*PROBLEM TO SOLVE*: Could you please output all of the data exactly, without the images?

*RECORDS PROVIDED*:
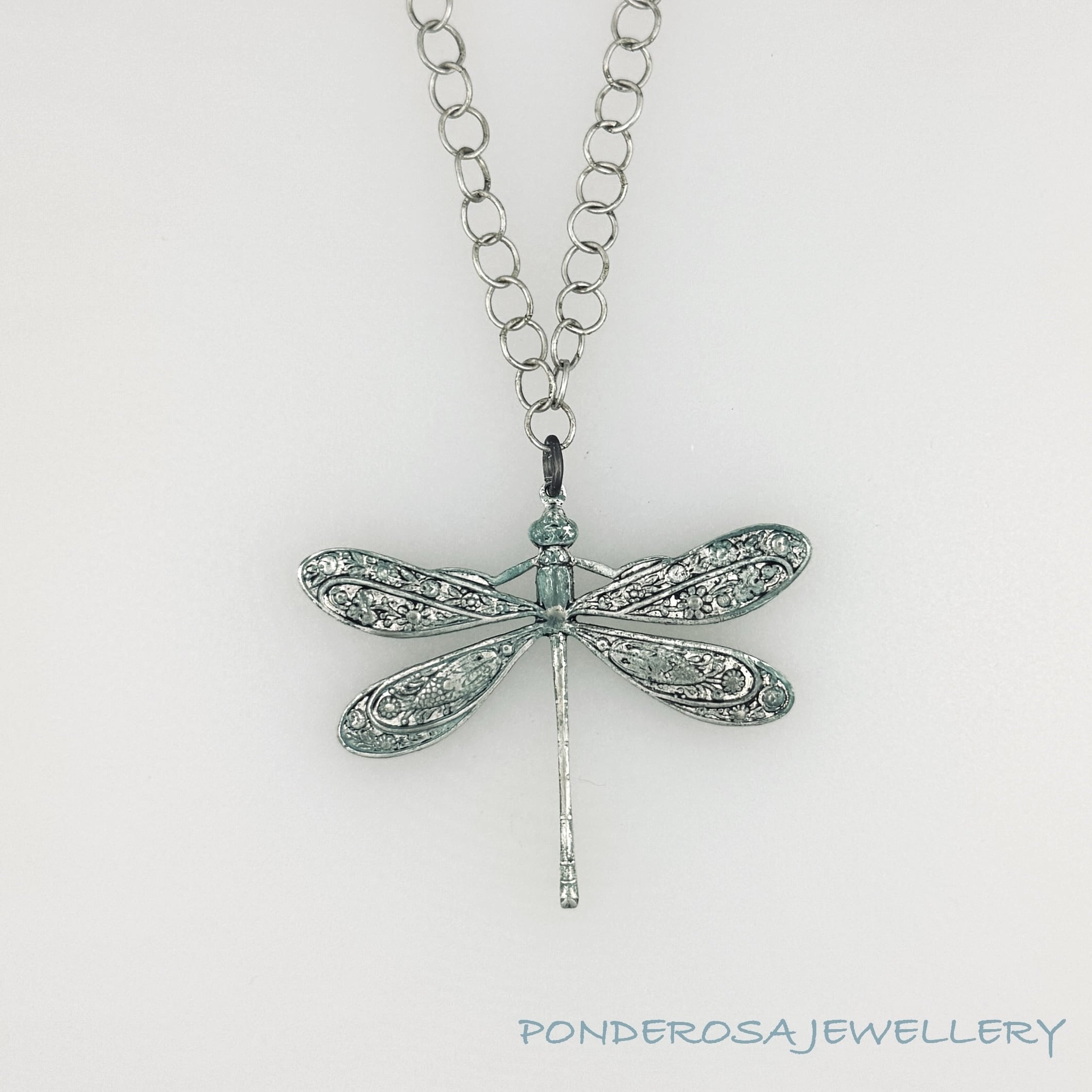 This vibrant blue patina dragonfly pendant has been designed with a plated metal chain.
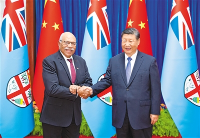 8月20日下午,国家主席习近平在北京人民大会堂会见来华正式访问的斐济总理兰布卡。
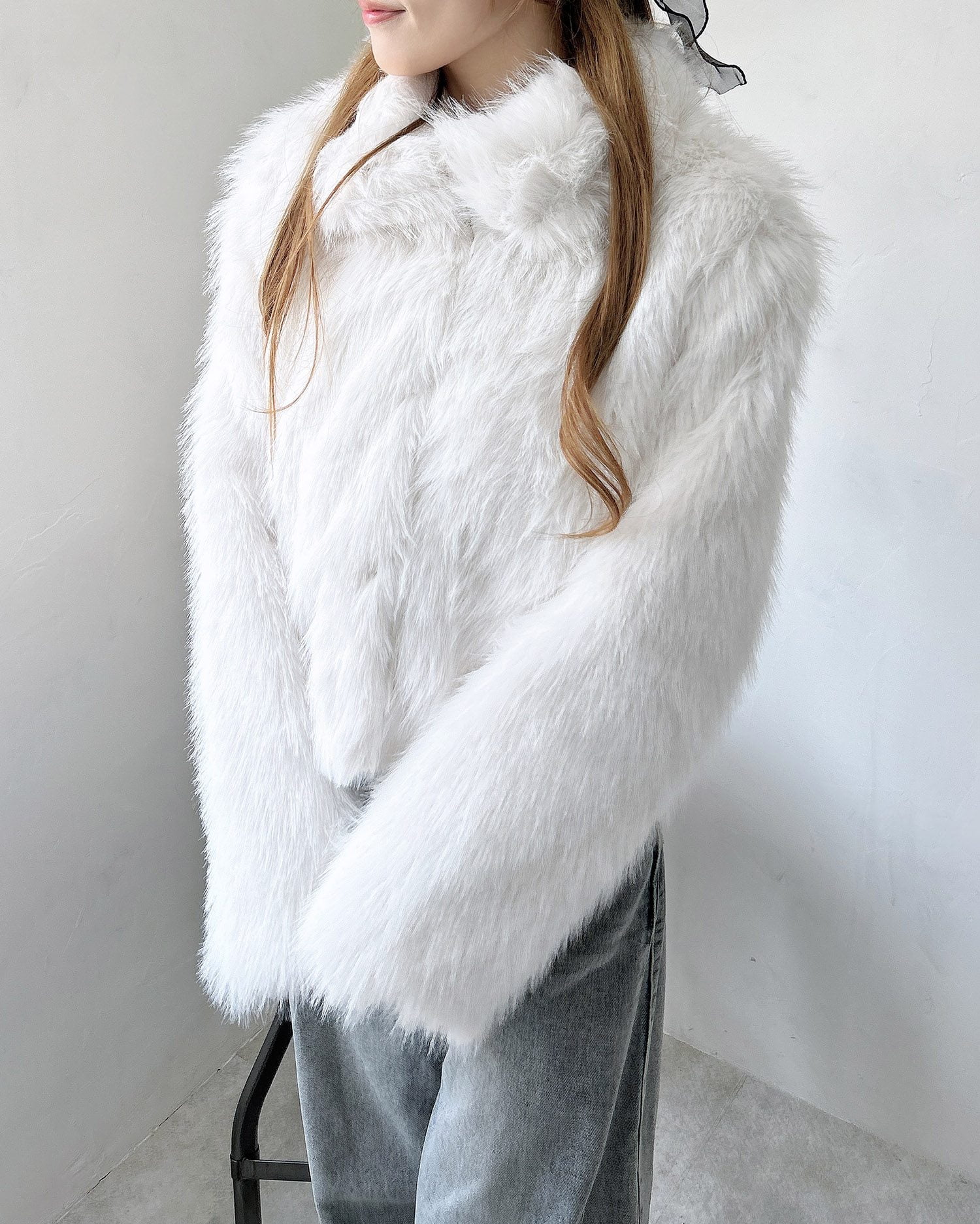 アニマルライクなふわふわエコファーのマグネットボタンデザインコート。
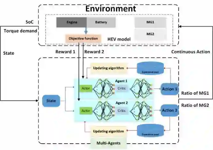 翻译:未来的运输系统将是一个多试剂网络,连接的AI代理商可以在这个网络中共同应对我们这个时代的重大挑战,例如减少真实世界驱动能源消费。与现有的关于车辆能源管理的研究(将多种投入和多种产出(MIIMO)控制分离为单产出控制)不同,本文件研究了一个多试剂深度强化学习框架,以同时处理多种控制产出。为DRL代理商提出了新的手工冲洗战略,引入了独立比率,并进行了参数学研究,以获得MADRL框架的最佳环境。该研究表明,0.2的独立比率的MADRL是最好的,超过2.4%的能源可以在常规DRL框架中保存。
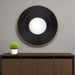 Add a touch of sunshine to any space in your home with this 32-inch black and gold round manufactured wood and metal framed accent mirror. This round shaped mirror will open up any space you put in piece in. This frame works nicely with the full-bodied mirror in the middle. It is the perfect wall decor to keep up all year round. This mirror can fit perfectly in any space and give that space a distinctive look. 31.5-inch H x 31.5-inch W x 1.2-inch D
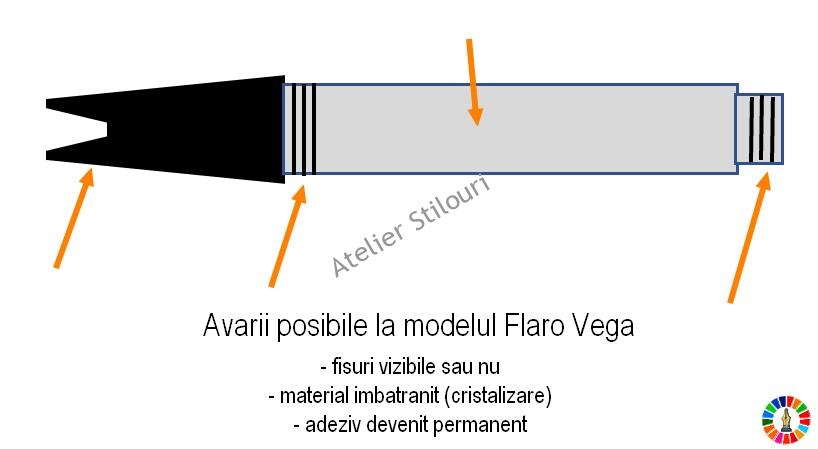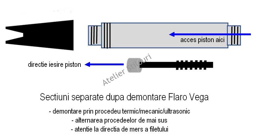 La demontare, va sugerez sa acordati atentie deosebita pieselor si portiunilor din stilou care pot fi deja avariate, fisurate invizibil, friabile: jumatatea de sus (spre penita) a sectiunii acesteia, corpul rezervor, mai ales in zona unde axul pistonului iese din corp, axul elicoidal propriu-zis (la imbinarea cu garnitura). Am observat ca partea care rezista cel mai bine la un stilou vechi Flaro este garnitura, care fiind din plastic siliconic, nu este solicitata peste masura.
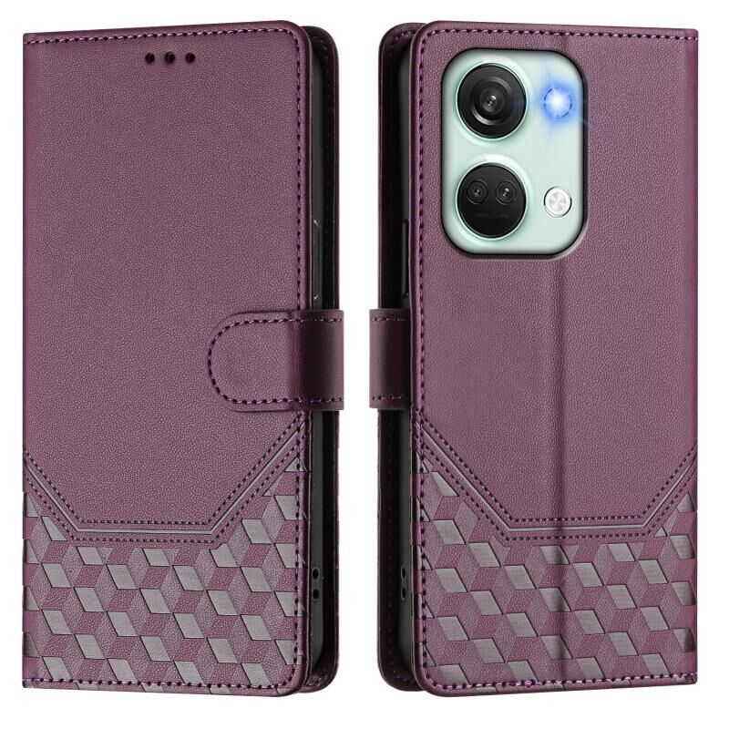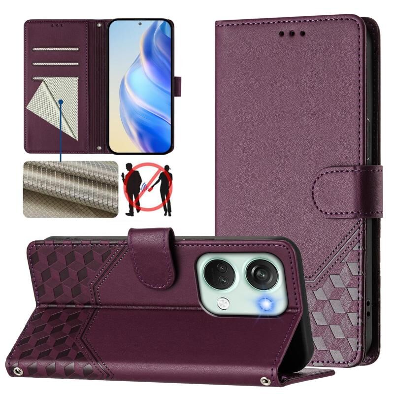 Για OnePlus Nord 3 / Ace 2V Honeycomb ανάγλυφο RFID δερμάτινη θήκη τηλεφώνου (Violet)
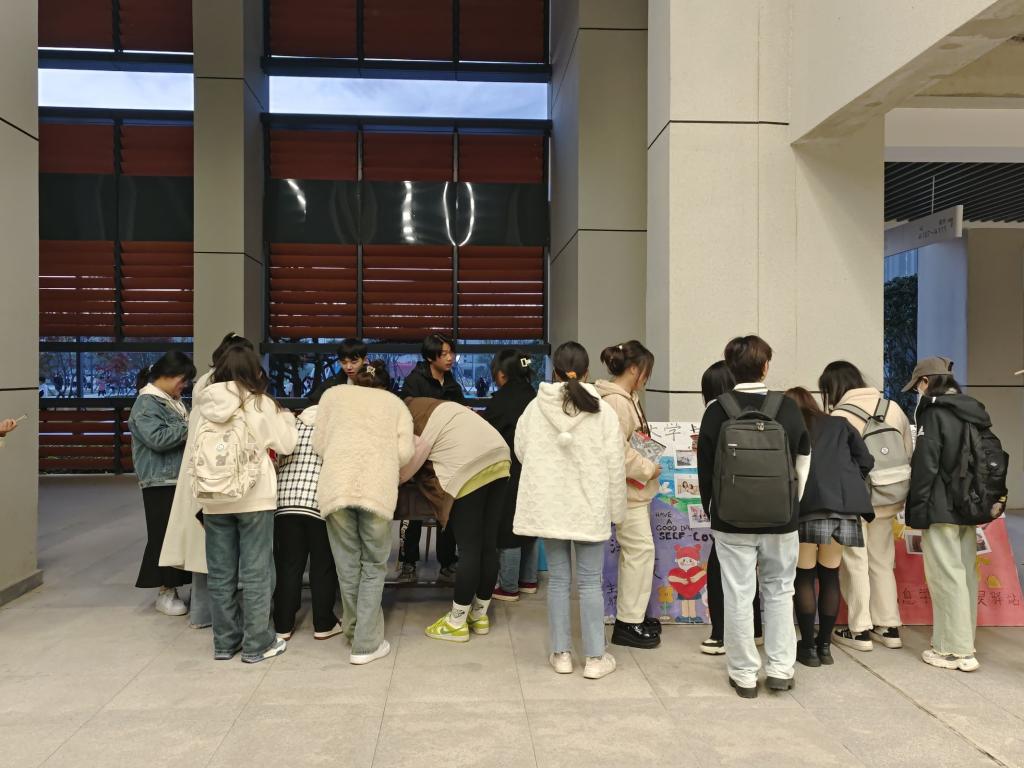 “随‘心’所图,青春绽放”主题涂鸦活动中,同学们根据自己天马行空的想象给图案赋予任意的颜色,尽情地展现内心,宣泄压力。
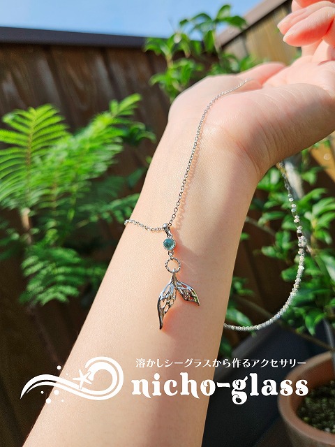 | オススメ商品のこだわりポイント | 繊細で美しい人魚の尾びれはnicho-glass の溶かしシーグラスを配うと最高のアイテムに。身に付けていると物語の情景が浮かびます。 |
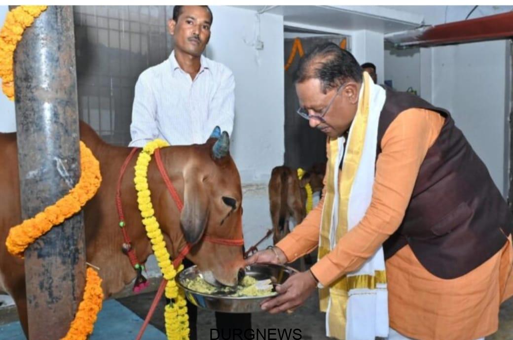 रायपुर। गोवर्धन पूजा के पावन अवसर पर मुख्यमंत्री विष्णु देव साय ने आज रायपुर स्थित मुख्यमंत्री निवास परिसर की गौशाला में गौमाता की पूजा-अर्चना की। उन्होंने गौमाता को खिचड़ी खिलाकर पारंपरिक गोसेवा की परंपरा निभाई और प्रदेशवासियों की सुख-समृद्धि, शांति व खुशहाली की कामना की।
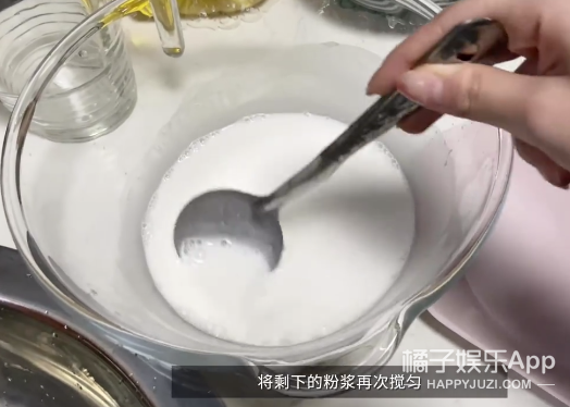 6、三十分钟后粉浆会分层,把上面的液体舀出去,
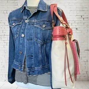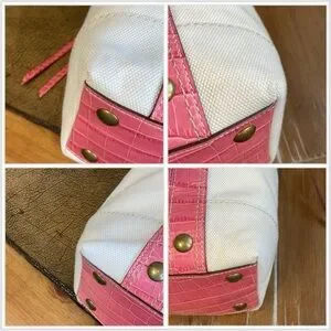 A true gem from Coach’s coveted 2007 Legacy Collection, this slim tote blends timeless elegance with playful edge. The body features textured ivory canvas framed in vibrant pink croc-embossed leather trim—an eye-catching contrast that feels both classic and bold. Signature brass hardware adds warmth, while the original medallion and metallic embossed hangtags nod to its heritage.
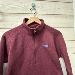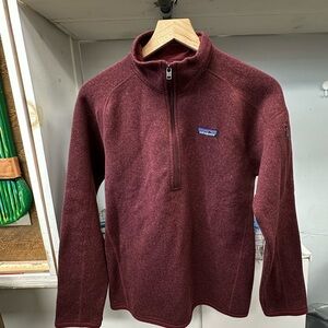 Stay warm and stylish with this Patagonia Better Sweater quarter-zip fleece pullover in a rich maroon color. Made from 100% recycled polyester, this cozy fleece features a zippered chest and sleeve pocket, soft brushed interior, and a classic fit that’s perfect for layering.
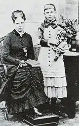 Furthermore, William had a reputation for drunkenness and a dissolute character, so it was surprising that the exceedingly pious and recently widowed Queen Elisabeth gave her consent to the match.[1] On two occasions William had been deprived of his command in the Prussian army and had recently proposed marriage to the celebrated ballerina Marie Taglioni; consequently he was generally considered to be the "black sheep" of the family.[1] Regardless, the Queen granted her permission, endowing her with a grand trousseau of lavish clothing and jewelry.[3] Her other uncle Emperor Wilhelm I gave her an opulent diamond necklace, while her mother Princess Marianne gave her a necklace of Siberian amethysts as well as an emerald diadem.[3]
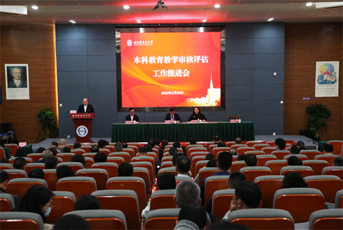 3月23日上午10点,学校在歌乐楼A栋报告厅举行本科教育教学审核评估工作推进会。学校党委书记邹渝、副校长郑白玲、副校长祝朝伟、副校长王仁强出席会议,校内全体中干、科级干部、辅导员、教学秘书及教育规划与评估研究院相关工作人员参加会议。会议由副校长王仁强主持。

*EXERCISE OUTPUT*:
 This vibrant blue patina dragonfly pendant has been designed with a plated metal chain.
 8月20日下午,国家主席习近平在北京人民大会堂会见来华正式访问的斐济总理兰布卡。
 アニマルライクなふわふわエコファーのマグネットボタンデザインコート。
 翻译:未来的运输系统将是一个多试剂网络,连接的AI代理商可以在这个网络中共同应对我们这个时代的重大挑战,例如减少真实世界驱动能源消费。与现有的关于车辆能源管理的研究(将多种投入和多种产出(MIIMO)控制分离为单产出控制)不同,本文件研究了一个多试剂深度强化学习框架,以同时处理多种控制产出。为DRL代理商提出了新的手工冲洗战略,引入了独立比率,并进行了参数学研究,以获得MADRL框架的最佳环境。该研究表明,0.2的独立比率的MADRL是最好的,超过2.4%的能源可以在常规DRL框架中保存。
 Add a touch of sunshine to any space in your home with this 32-inch black and gold round manufactured wood and metal framed accent mirror. This round shaped mirror will open up any space you put in piece in. This frame works nicely with the full-bodied mirror in the middle. It is the perfect wall decor to keep up all year round. This mirror can fit perfectly in any space and give that space a distinctive look. 31.5-inch H x 31.5-inch W x 1.2-inch D
 La demontare, va sugerez sa acordati atentie deosebita pieselor si portiunilor din stilou care pot fi deja avariate, fisurate invizibil, friabile: jumatatea de sus (spre penita) a sectiunii acesteia, corpul rezervor, mai ales in zona unde axul pistonului iese din corp, axul elicoidal propriu-zis (la imbinarea cu garnitura). Am observat ca partea care rezista cel mai bine la un stilou vechi Flaro este garnitura, care fiind din plastic siliconic, nu este solicitata peste masura.
 Για OnePlus Nord 3 / Ace 2V Honeycomb ανάγλυφο RFID δερμάτινη θήκη τηλεφώνου (Violet)
 “随‘心’所图,青春绽放”主题涂鸦活动中,同学们根据自己天马行空的想象给图案赋予任意的颜色,尽情地展现内心,宣泄压力。
 | オススメ商品のこだわりポイント | 繊細で美しい人魚の尾びれはnicho-glass の溶かしシーグラスを配うと最高のアイテムに。身に付けていると物語の情景が浮かびます。 |
 रायपुर। गोवर्धन पूजा के पावन अवसर पर मुख्यमंत्री विष्णु देव साय ने आज रायपुर स्थित मुख्यमंत्री निवास परिसर की गौशाला में गौमाता की पूजा-अर्चना की। उन्होंने गौमाता को खिचड़ी खिलाकर पारंपरिक गोसेवा की परंपरा निभाई और प्रदेशवासियों की सुख-समृद्धि, शांति व खुशहाली की कामना की।
 6、三十分钟后粉浆会分层,把上面的液体舀出去,
 A true gem from Coach’s coveted 2007 Legacy Collection, this slim tote blends timeless elegance with playful edge. The body features textured ivory canvas framed in vibrant pink croc-embossed leather trim—an eye-catching contrast that feels both classic and bold. Signature brass hardware adds warmth, while the original medallion and metallic embossed hangtags nod to its heritage.
 Stay warm and stylish with this Patagonia Better Sweater quarter-zip fleece pullover in a rich maroon color. Made from 100% recycled polyester, this cozy fleece features a zippered chest and sleeve pocket, soft brushed interior, and a classic fit that’s perfect for layering.
 Furthermore, William had a reputation for drunkenness and a dissolute character, so it was surprising that the exceedingly pious and recently widowed Queen Elisabeth gave her consent to the match.[1] On two occasions William had been deprived of his command in the Prussian army and had recently proposed marriage to the celebrated ballerina Marie Taglioni; consequently he was generally considered to be the "black sheep" of the family.[1] Regardless, the Queen granted her permission, endowing her with a grand trousseau of lavish clothing and jewelry.[3] Her other uncle Emperor Wilhelm I gave her an opulent diamond necklace, while her mother Princess Marianne gave her a necklace of Siberian amethysts as well as an emerald diadem.[3]
 3月23日上午10点,学校在歌乐楼A栋报告厅举行本科教育教学审核评估工作推进会。学校党委书记邹渝、副校长郑白玲、副校长祝朝伟、副校长王仁强出席会议,校内全体中干、科级干部、辅导员、教学秘书及教育规划与评估研究院相关工作人员参加会议。会议由副校长王仁强主持。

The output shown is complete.